Dataset section »
·····

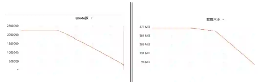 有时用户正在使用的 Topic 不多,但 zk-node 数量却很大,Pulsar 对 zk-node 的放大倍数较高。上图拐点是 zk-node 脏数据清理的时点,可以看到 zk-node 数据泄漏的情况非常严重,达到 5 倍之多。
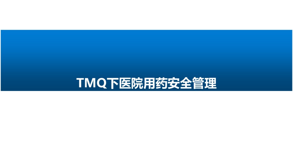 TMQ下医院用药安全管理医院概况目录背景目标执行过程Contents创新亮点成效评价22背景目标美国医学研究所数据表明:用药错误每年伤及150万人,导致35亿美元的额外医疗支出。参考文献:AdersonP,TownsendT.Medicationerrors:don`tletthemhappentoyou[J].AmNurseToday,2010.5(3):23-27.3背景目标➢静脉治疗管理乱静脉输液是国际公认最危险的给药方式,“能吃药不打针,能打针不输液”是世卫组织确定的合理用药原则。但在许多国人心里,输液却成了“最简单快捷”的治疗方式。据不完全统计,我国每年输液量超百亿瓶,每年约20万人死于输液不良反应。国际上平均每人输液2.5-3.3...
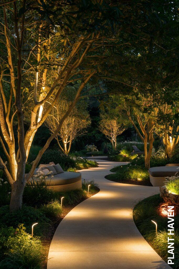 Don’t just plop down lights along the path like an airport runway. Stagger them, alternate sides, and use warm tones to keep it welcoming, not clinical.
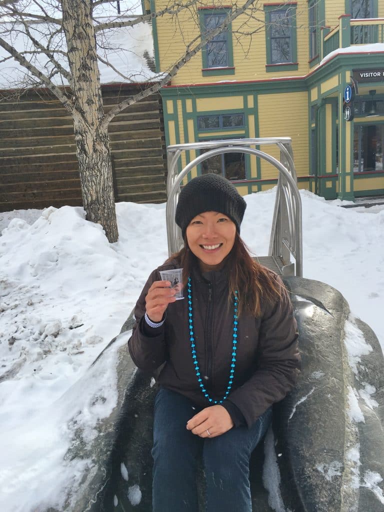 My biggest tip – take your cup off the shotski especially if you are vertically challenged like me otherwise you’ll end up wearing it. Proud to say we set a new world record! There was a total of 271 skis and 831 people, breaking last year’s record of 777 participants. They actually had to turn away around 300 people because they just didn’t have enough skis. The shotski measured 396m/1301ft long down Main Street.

·····

What is required » Pictures should not appear in the copy. Write out exactly the lines above from the first one through the line that contains "Don’t just plop".

Your response »
 有时用户正在使用的 Topic 不多,但 zk-node 数量却很大,Pulsar 对 zk-node 的放大倍数较高。上图拐点是 zk-node 脏数据清理的时点,可以看到 zk-node 数据泄漏的情况非常严重,达到 5 倍之多。
 TMQ下医院用药安全管理医院概况目录背景目标执行过程Contents创新亮点成效评价22背景目标美国医学研究所数据表明:用药错误每年伤及150万人,导致35亿美元的额外医疗支出。参考文献:AdersonP,TownsendT.Medicationerrors:don`tletthemhappentoyou[J].AmNurseToday,2010.5(3):23-27.3背景目标➢静脉治疗管理乱静脉输液是国际公认最危险的给药方式,“能吃药不打针,能打针不输液”是世卫组织确定的合理用药原则。但在许多国人心里,输液却成了“最简单快捷”的治疗方式。据不完全统计,我国每年输液量超百亿瓶,每年约20万人死于输液不良反应。国际上平均每人输液2.5-3.3...
 Don’t just plop down lights along the path like an airport runway. Stagger them, alternate sides, and use warm tones to keep it welcoming, not clinical.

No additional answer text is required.